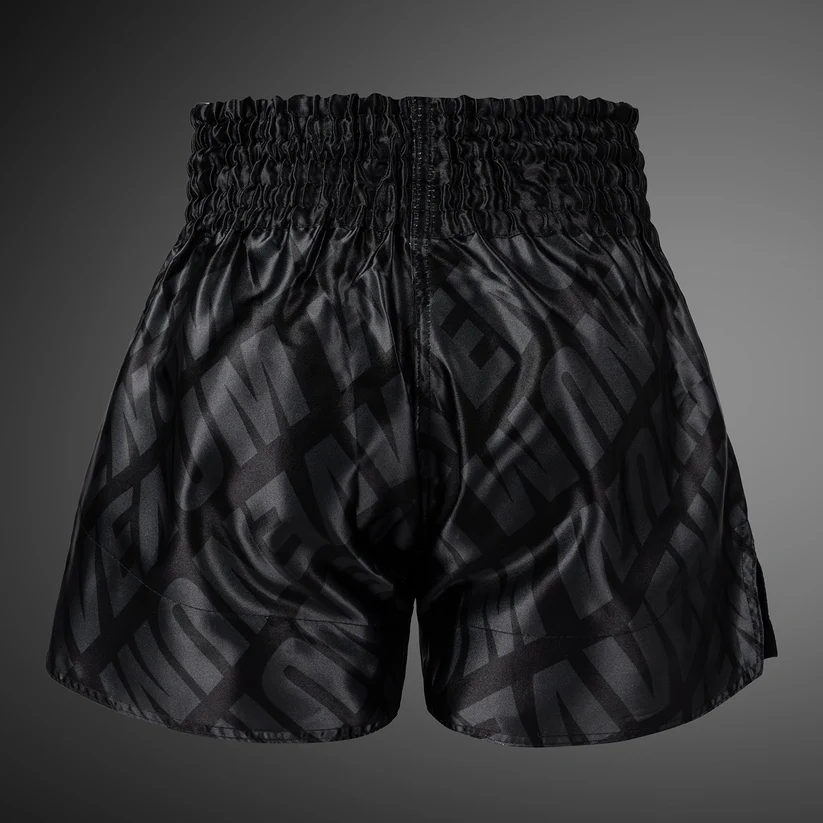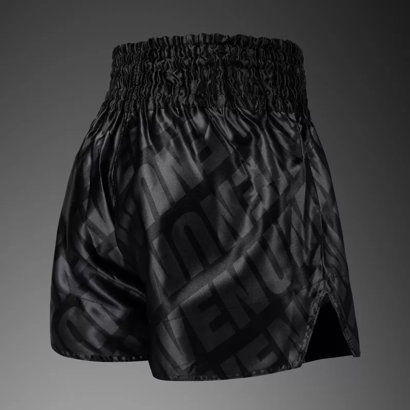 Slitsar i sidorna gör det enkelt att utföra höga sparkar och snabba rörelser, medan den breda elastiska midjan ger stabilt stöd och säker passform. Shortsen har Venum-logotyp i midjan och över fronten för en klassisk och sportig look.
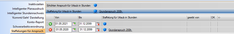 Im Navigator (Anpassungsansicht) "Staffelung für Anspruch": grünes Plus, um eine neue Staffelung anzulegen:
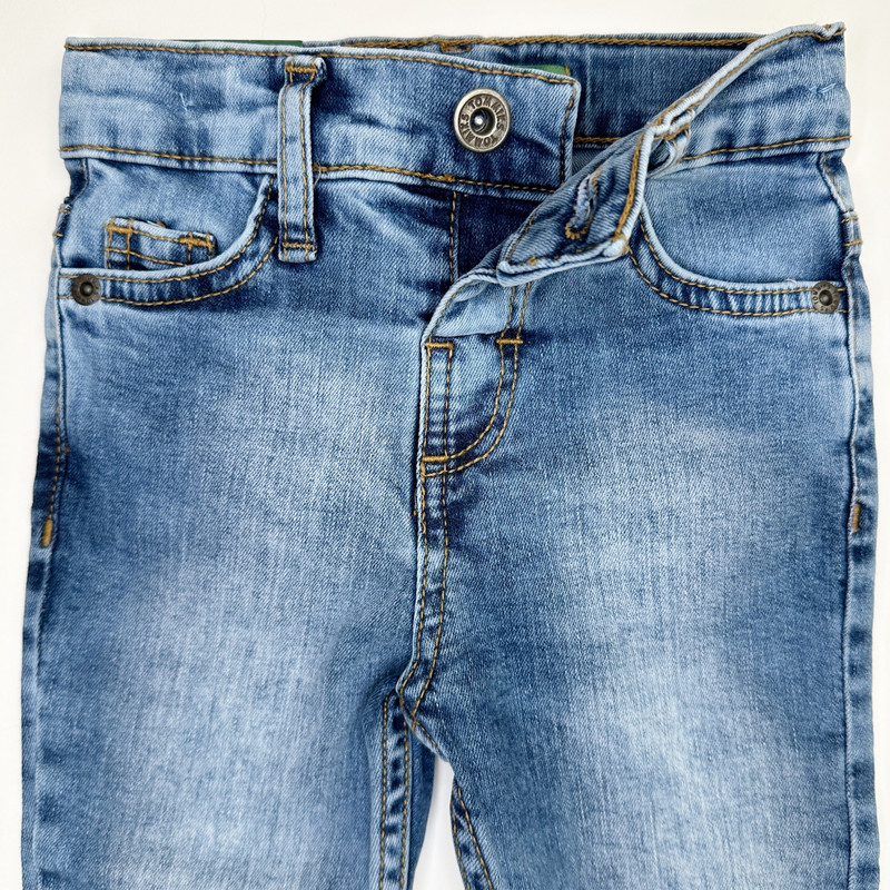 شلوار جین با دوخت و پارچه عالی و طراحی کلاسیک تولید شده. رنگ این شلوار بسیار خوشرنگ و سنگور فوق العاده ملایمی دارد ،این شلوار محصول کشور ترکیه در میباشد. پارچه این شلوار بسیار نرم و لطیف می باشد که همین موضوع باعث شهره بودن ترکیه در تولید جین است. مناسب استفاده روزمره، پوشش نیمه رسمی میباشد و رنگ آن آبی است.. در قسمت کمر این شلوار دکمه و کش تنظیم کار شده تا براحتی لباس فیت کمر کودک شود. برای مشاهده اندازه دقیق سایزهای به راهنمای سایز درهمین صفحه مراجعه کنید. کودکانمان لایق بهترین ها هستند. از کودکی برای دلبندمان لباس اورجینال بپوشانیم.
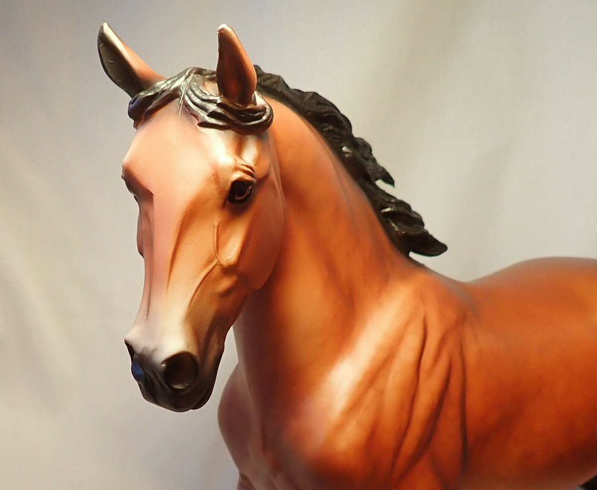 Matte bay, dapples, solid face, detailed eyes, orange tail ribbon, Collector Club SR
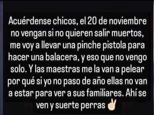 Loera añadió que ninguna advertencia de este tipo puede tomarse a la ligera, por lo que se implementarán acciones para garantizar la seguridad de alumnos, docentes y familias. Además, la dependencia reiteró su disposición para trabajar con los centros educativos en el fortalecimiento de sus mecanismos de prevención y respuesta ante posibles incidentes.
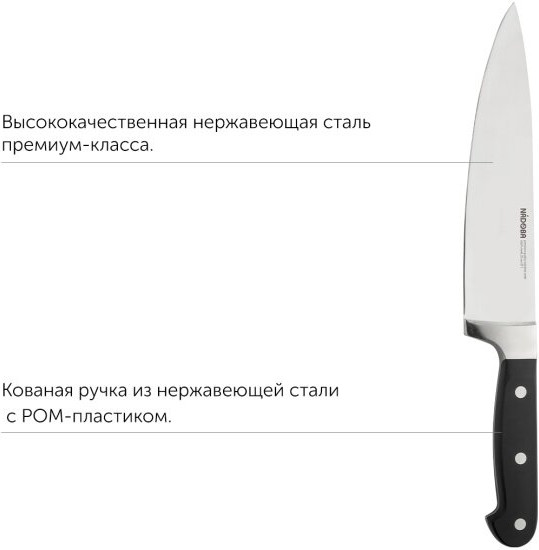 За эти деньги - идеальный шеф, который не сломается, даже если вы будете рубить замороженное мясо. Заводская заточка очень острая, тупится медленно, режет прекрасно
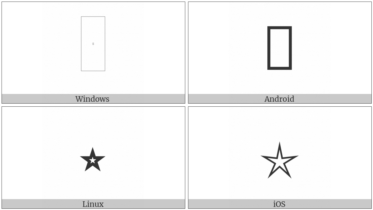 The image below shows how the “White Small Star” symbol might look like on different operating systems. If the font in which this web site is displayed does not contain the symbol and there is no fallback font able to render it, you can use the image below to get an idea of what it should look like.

______________________________

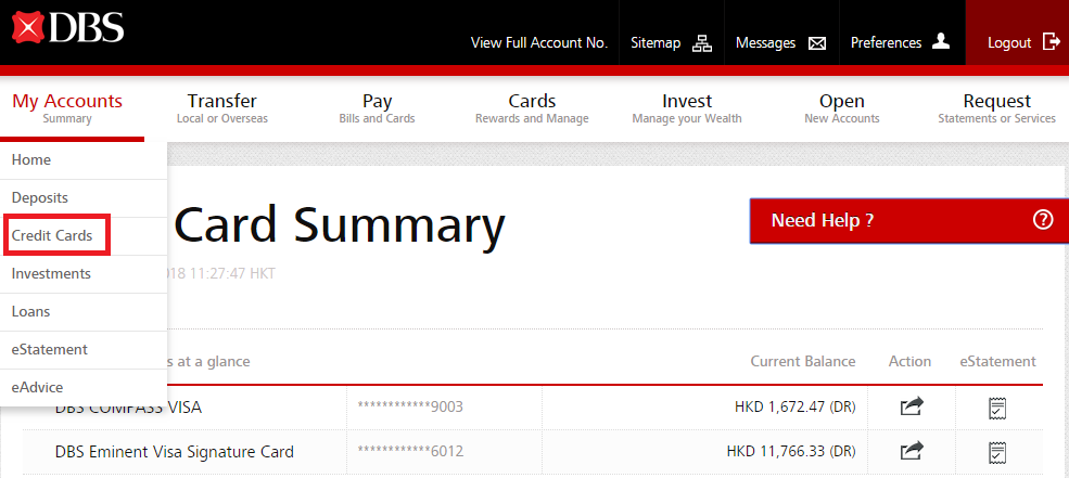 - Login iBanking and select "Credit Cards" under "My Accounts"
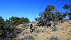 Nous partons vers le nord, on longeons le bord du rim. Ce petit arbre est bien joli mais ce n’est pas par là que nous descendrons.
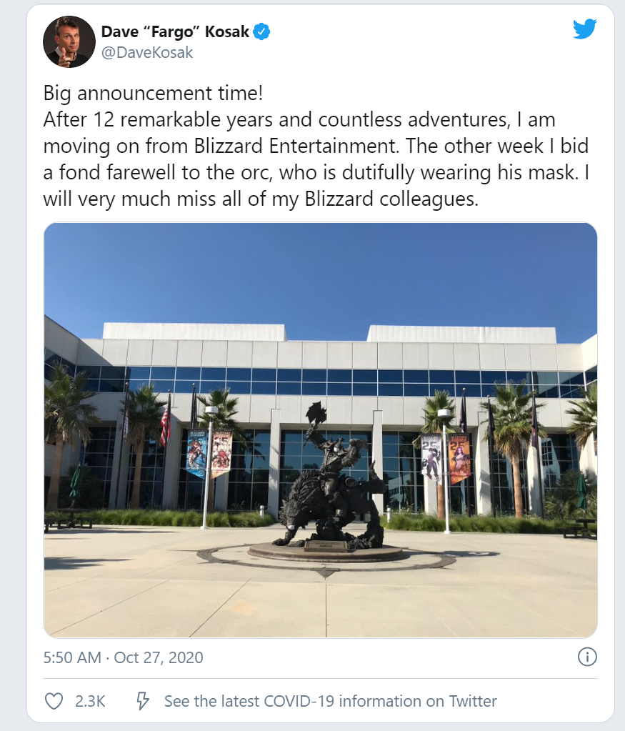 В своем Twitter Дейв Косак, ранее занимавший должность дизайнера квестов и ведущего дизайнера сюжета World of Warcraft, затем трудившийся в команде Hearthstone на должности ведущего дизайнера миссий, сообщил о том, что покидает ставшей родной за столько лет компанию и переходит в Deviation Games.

______________________________

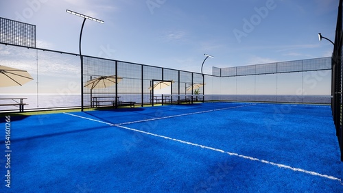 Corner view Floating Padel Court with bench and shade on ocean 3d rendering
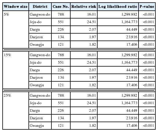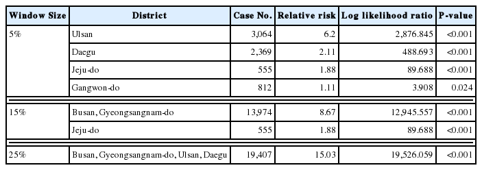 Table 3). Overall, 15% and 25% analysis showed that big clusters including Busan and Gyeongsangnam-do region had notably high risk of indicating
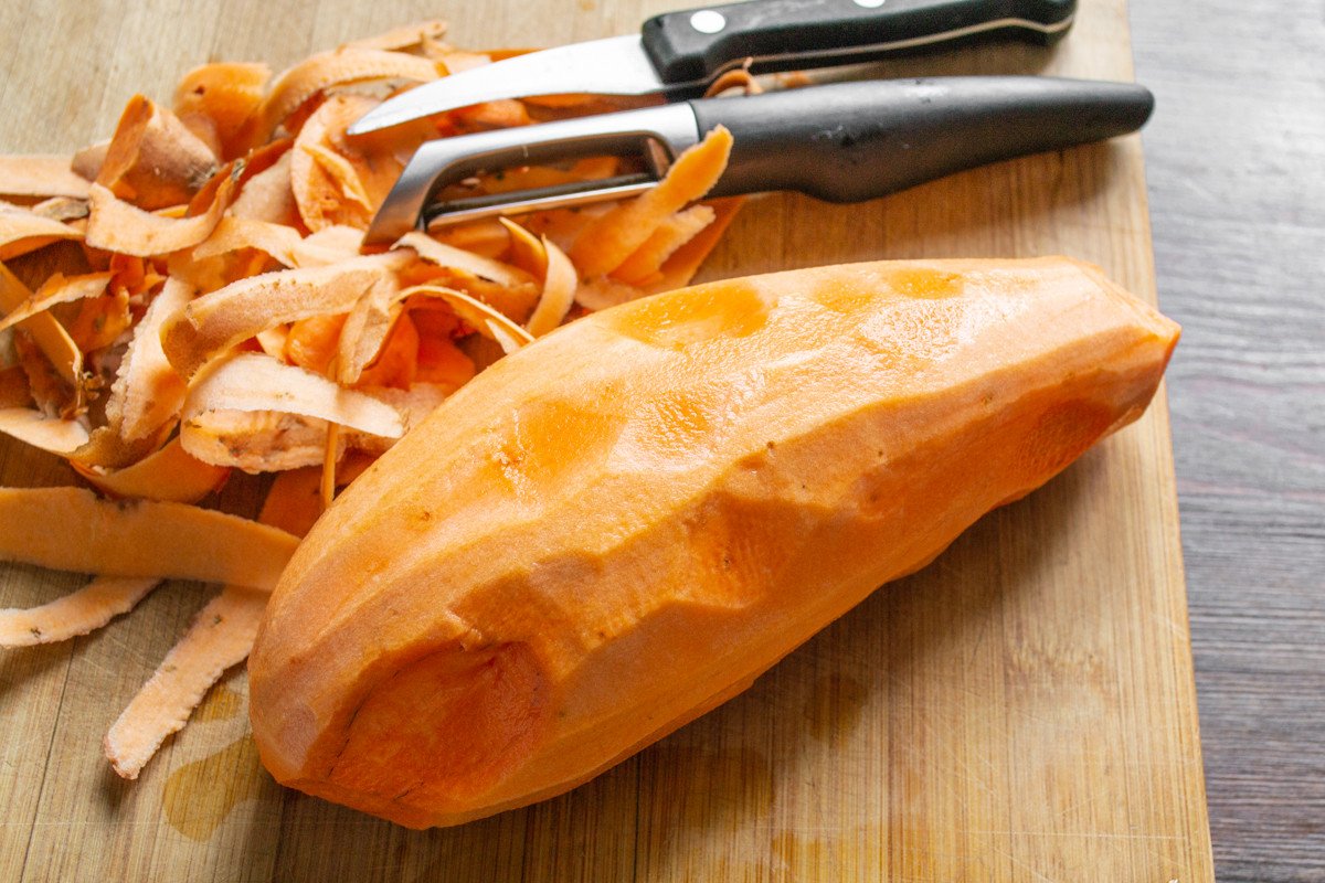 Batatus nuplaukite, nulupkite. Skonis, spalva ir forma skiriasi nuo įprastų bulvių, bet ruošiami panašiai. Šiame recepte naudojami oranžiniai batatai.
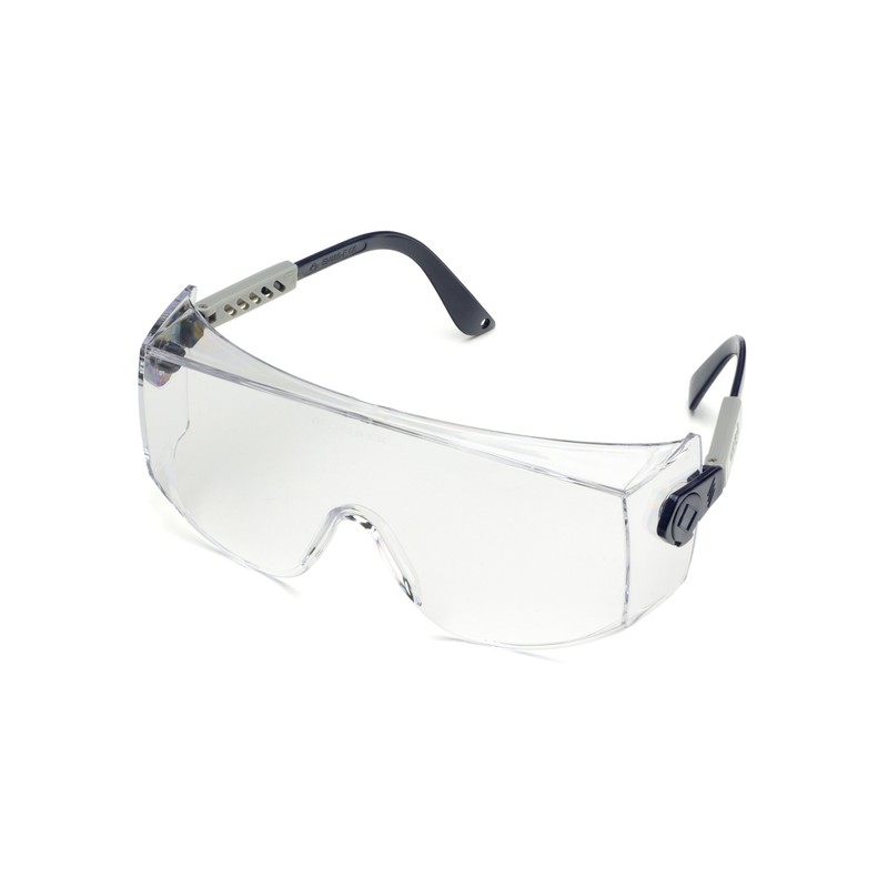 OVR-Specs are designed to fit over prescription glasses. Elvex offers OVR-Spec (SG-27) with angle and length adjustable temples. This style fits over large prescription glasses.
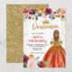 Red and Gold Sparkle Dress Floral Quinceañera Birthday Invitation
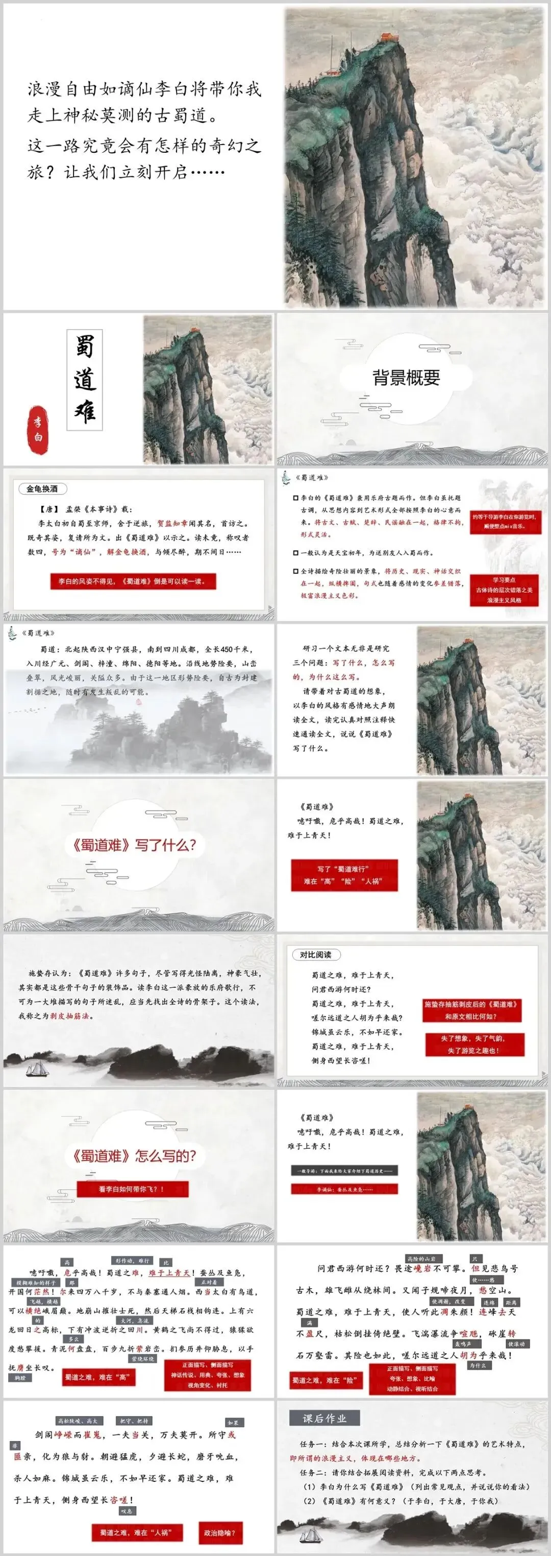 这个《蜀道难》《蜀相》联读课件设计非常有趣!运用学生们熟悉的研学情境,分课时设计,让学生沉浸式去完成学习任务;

______________________________

= Goal of the exercise =
Reproduce the data above exactly, but only the lines from the one showing "Matte bay, dapples, solid" through the one showing "The image below shows", with both ends kept and the pictures left out.

= Output for this exercise =
 Matte bay, dapples, solid face, detailed eyes, orange tail ribbon, Collector Club SR
 Loera añadió que ninguna advertencia de este tipo puede tomarse a la ligera, por lo que se implementarán acciones para garantizar la seguridad de alumnos, docentes y familias. Además, la dependencia reiteró su disposición para trabajar con los centros educativos en el fortalecimiento de sus mecanismos de prevención y respuesta ante posibles incidentes.
 За эти деньги - идеальный шеф, который не сломается, даже если вы будете рубить замороженное мясо. Заводская заточка очень острая, тупится медленно, режет прекрасно
 The image below shows how the “White Small Star” symbol might look like on different operating systems. If the font in which this web site is displayed does not contain the symbol and there is no fallback font able to render it, you can use the image below to get an idea of what it should look like.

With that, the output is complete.